MRC Chairman Vin Malkoski referenced the winter appearance of Finance Director Judy Mooney and suggested it’s time to revisit the subject of indirect expenses, especially with the new revenue resulting from increased fees.
MRC member Peter Borsari addressed the controversial matter of indirect costs to the Harbormaster Department, asserting that the town unfairly holds down the Waterways Account.
Malkoski acknowledged that the town can legally take 50% of excise taxes. “But where it gets fuzzy,” he said, “is the discussions we had about the dinghy slips because those are bottom-anchored. And some of the other things where money’s being withdrawn that again, we contend. … Where that money comes from is part of the discussion.”
“We were told that the money never left,” said Borsari.
“That reality is, it’s not in the Waterways Account, and it’s being shown on the town record as being used for these other purposes,” said Malkoski.
“A portion of the indirects are costs that are generated by the (Harbormaster) Department,” said Perry, rattling off insurance policies, fuel and electricity as examples.
Borsari insisted he had been instructed that those monies are not taken away from the Waterways Account and said the matter remains confusing.
Murphy clarified that he had spoken on the matter at the MRC’s last meeting and said he is still seeking answers “on where, why, when and how” of indirect costs that also left him confused.
The dinghy dock revenues of $48,000, said Murphy, go into the general fund rather than the Waterways Account. “But the Waterways (Account) is supporting that through our budget to maintain it, so there’s a lot of things on there that I don’t think the town understands what goes into supporting that general-fund money.”
Murphy suggested it’s the MRC’s mission to make the town understand the Harbormaster Department’s plight.

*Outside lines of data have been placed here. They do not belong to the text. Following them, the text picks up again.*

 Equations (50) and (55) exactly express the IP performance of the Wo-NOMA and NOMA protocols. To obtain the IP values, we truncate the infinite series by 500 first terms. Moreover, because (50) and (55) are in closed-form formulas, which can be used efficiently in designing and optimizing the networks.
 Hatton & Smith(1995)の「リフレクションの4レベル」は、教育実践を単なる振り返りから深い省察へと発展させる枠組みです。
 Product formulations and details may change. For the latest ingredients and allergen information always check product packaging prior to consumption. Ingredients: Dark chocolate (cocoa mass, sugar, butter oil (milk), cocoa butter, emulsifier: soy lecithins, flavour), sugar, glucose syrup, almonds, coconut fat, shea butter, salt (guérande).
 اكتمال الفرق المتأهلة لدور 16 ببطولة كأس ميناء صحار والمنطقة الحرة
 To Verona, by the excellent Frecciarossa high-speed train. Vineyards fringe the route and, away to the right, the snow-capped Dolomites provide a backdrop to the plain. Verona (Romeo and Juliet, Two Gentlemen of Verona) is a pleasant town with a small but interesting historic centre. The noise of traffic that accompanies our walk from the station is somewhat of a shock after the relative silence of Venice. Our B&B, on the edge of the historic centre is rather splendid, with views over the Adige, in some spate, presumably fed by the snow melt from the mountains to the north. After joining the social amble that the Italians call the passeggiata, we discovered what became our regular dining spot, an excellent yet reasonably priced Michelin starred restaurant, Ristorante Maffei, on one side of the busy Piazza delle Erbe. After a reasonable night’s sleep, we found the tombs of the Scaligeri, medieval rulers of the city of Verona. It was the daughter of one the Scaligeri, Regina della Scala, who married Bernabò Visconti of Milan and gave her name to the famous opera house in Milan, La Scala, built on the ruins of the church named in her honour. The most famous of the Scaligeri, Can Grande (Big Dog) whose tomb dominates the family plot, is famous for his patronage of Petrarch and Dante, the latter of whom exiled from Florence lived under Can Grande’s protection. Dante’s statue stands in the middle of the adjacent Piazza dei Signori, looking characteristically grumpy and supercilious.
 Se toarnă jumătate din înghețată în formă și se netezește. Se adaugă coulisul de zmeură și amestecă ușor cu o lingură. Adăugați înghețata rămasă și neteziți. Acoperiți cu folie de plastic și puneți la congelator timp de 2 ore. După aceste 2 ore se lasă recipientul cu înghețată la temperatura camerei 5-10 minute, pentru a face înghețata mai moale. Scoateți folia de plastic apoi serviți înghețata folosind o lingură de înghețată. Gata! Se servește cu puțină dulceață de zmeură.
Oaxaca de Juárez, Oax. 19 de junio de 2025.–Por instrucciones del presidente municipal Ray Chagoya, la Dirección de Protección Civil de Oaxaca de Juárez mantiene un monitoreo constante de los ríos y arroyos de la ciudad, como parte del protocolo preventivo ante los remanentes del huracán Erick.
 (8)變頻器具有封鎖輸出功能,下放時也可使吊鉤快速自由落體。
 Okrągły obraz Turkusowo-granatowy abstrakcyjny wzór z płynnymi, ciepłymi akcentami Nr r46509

“The floats in particular, that’s a 10-A permit, all day just like anyone’s mooring permit out there. There’s no difference,” said Perry. “So how that revenue goes toward the General Fund versus the Waterways Account is beyond me. I know the Finance director is going to look into that. That’s another thing we have to make sure of because, like you said, that’s a big chunk of change.”

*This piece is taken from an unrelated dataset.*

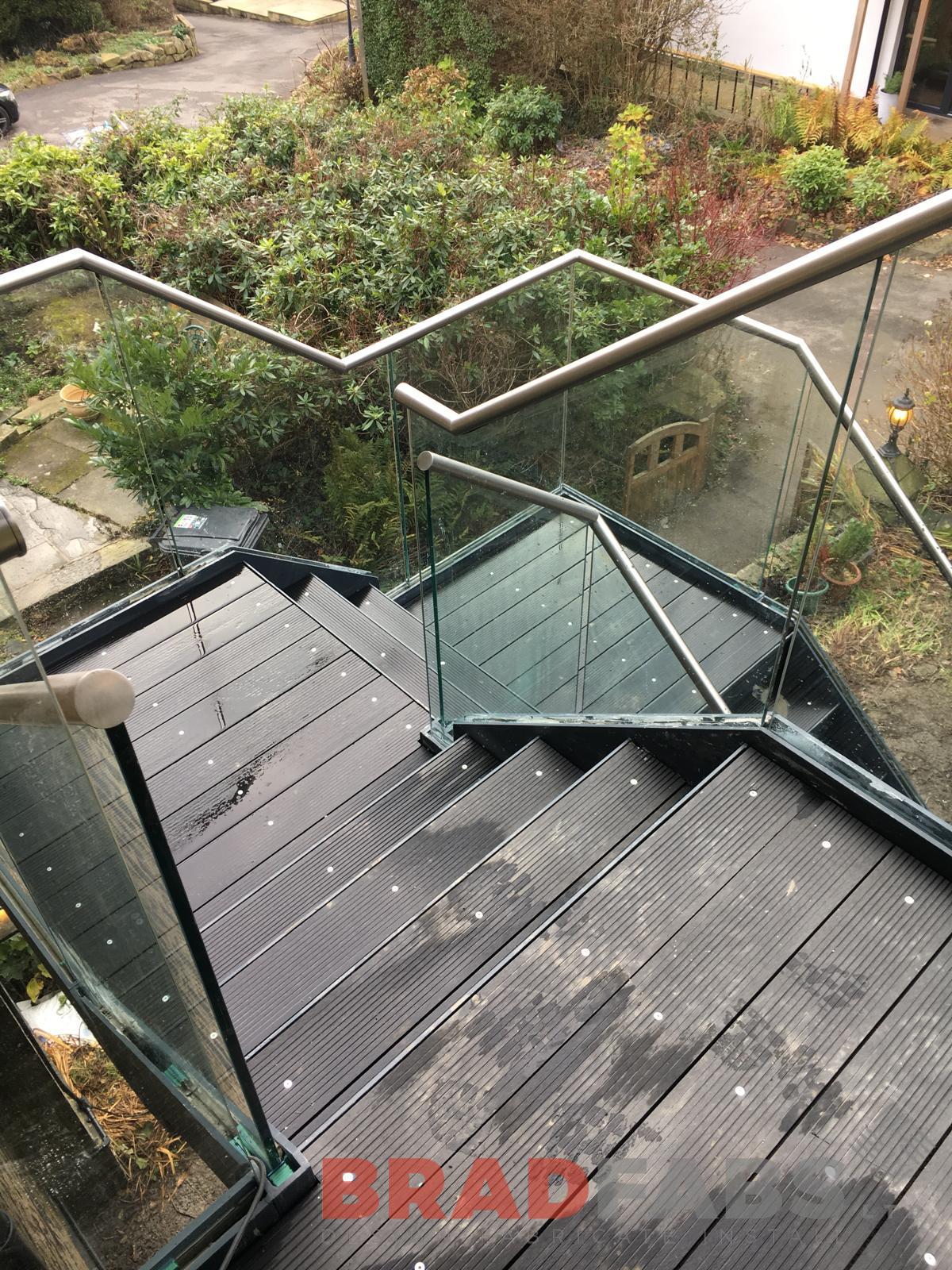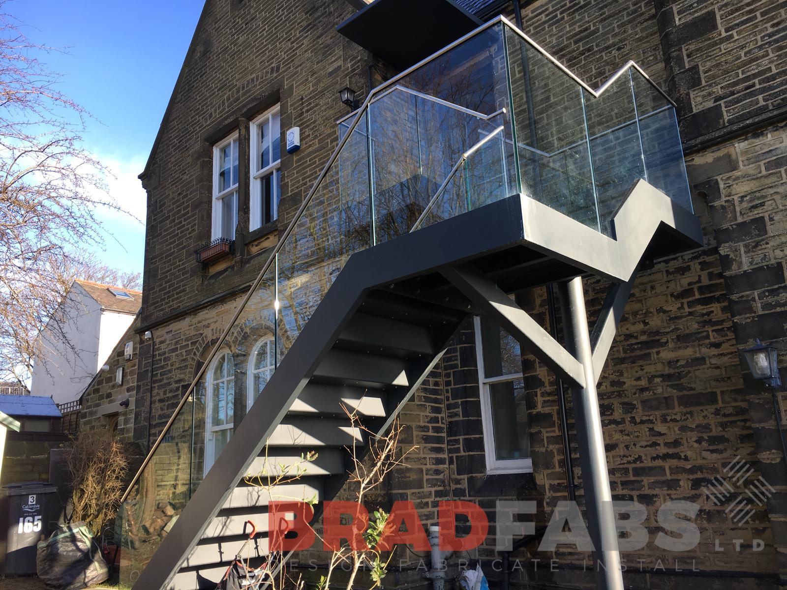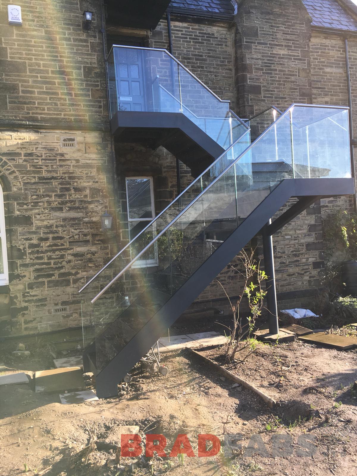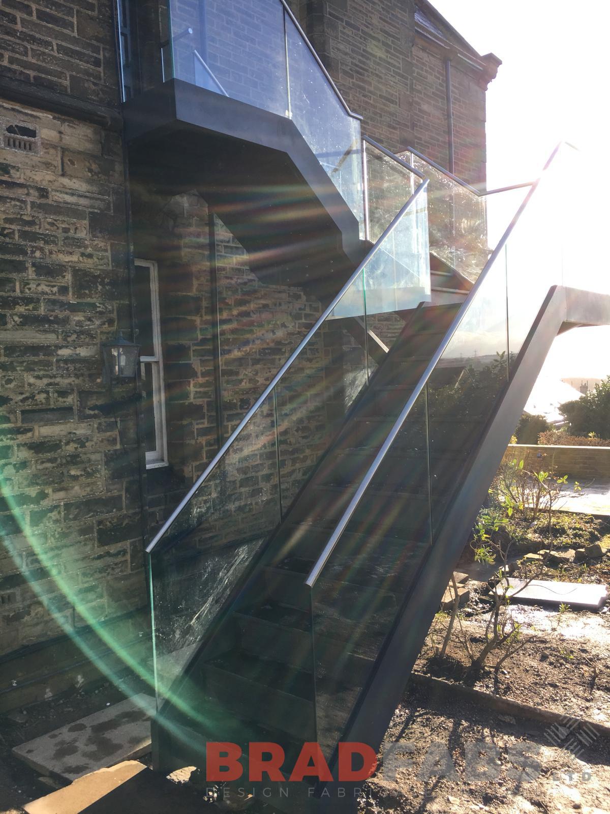 Beautiful bespoke straight external staircase for a residential property. Staircase manufactured in mild steel, galvanised and powder coated with infinity glass balustrade and stainless steel handrail and composite decked flooring

Vice Chairman Greg Houdelette noted that the FY24 budget has been finalized for the May 8 Town Meeting, so there is no great rush to iron out the matter.
“Let me be clear, none of us are suggesting that the money is going someplace it shouldn’t go. It’s being used (by the town),” said Malkoski, who also noted that by state law, the harbor cannot serve as a profit source for the town.

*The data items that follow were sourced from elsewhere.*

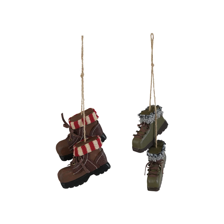 Wood & Knit Fabric Pair of Hiking Boots Ornament, 2 Styles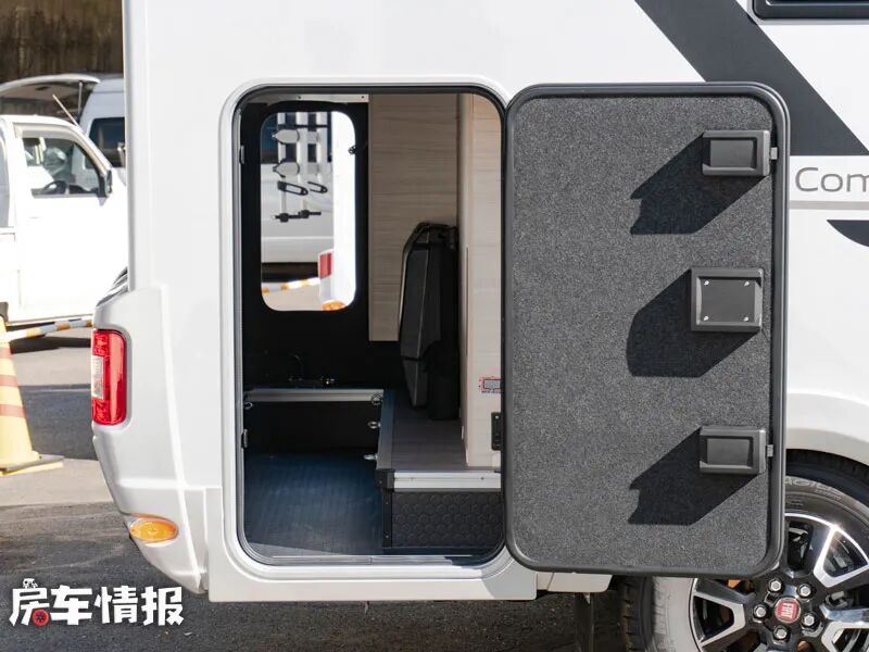 全车外观为金属银色,低调又耐脏,车身右侧上方带有手动的遮阳棚,尾部则提供了一个左右贯通式的储物舱,存放平时旅行时所携带的行李还是可以满足的。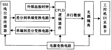 CPLD逻辑器件接收外部的晶振时钟信号将其分频,并经单端转差分电路后作为与SSI接口的线位移传感器同步时钟,SSI接口线位移传感器输出的差分数据信号经差分变单端数据变换电路后送入CPLD逻辑器件,同步时钟信号发送的个数由CPLD内部计数器计数,当计数器达到指定时钟个数后将数据并行输出锁存到数据输出线上,经光耦隔离后送入计算机的DI采集板卡输入端,从而实现了SSI接口数据到并行数据输出的转化。本方案设计的好处在于SSI接口到并行信号转化完全由CPLD器件编程实现,节省了控制系统的开销,同时输出的数据信号经过光耦隔离,增强了CPLD高速工作时的稳定性,避免数据由串行改为并行时受到干扰。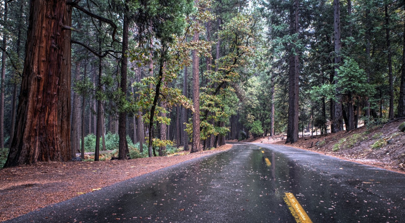 树、道路、红杉、松树、森林、沥青、户外、植物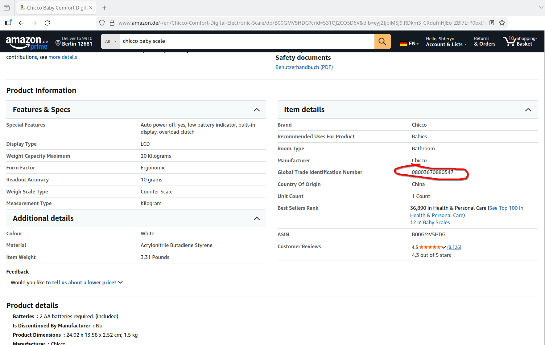- Цена в Германия(amazon.de) с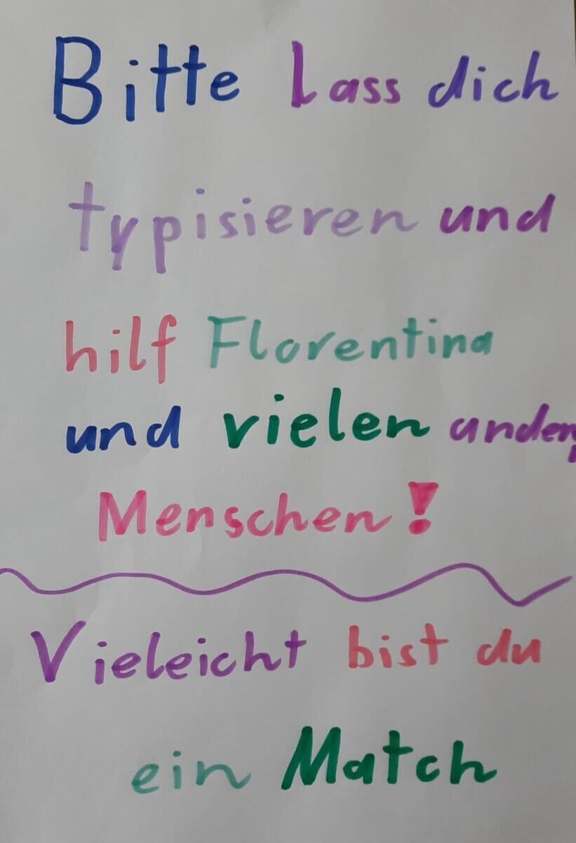 Für Florentina besteht die einzige langfristige Heilungschance in einer Stammzelltransplantation. Dafür wird dringend ein genetisch passender Spender oder gesucht. Nur so kann ihr Immunsystem dauerhaft stabilisiert und ihr eine gesunde Zukunft ermöglicht werden. Nur dann kann sie auch weiterhin lachen, fröhlich sein und die Welt entdecken. Die Suche nach einem geeigneten „genetischen Zwilling“ läuft – doch die Zeit ist ein entscheidender Faktor.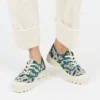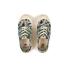Cette saison, l’Authentique Pataugas version basse se pare de motifs camouflages vert émeraude WALKIE TALKIE. Ce textile tissé en France avec des fils recyclés apporte un savoir-faire artisanal à cette chaussure femme. Sa semelle crantée légendaire est très souple et ultra-flexible. Cette chaussure en toile se déclinera parfaitement avec votre dressing estival.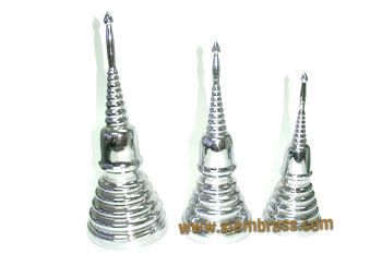 Product Pagoda with chrome Detail Size 5" x 11" Weight(gram) 850 g. Available size 2.5",3",3.5",4",5",6",7",8",10" Material Brass |

Cowell finds it unacceptable that the three-person Harbormaster Department is hired at will and is not under contract like every other department head. Police reform has complicated their roles.
MRC member Cheryl Souza suggested the commissioners can appropriately plan a course of action once it’s known how things will shake out from the Police Department side of the matter.
Perry also reported that he anticipated Tabor Academy’s “day of service” to yield assistance in preparing boats for community service and plans to freshen up Island Wharf. Floats, he said, would be in the water two to three weeks behind last year’s schedule but in time for most boaters who arrive near the end of May and the beginning of June. Channel markers were expected over the final two weeks of April.
The Department of Public Works and the Water Dept, said Perry, will help the Harbormaster Department replace the sewer line at Island Wharf.
The sea wall at Island Wharf requires the filing of a Request for Determination of Applicability with the Conservation Commission. Conservation Agent Doug Guey-Lee assisted in the preparation of the application.
The new motor purchased through grant funding last year has been installed in the pump-out boat.
“Big thanks to (Murphy and Wilson) keeping the lights on while I was away,” said Perry.
The next meeting of the Marine Resources Commission is scheduled for Monday, May 15, at 7:00 pm.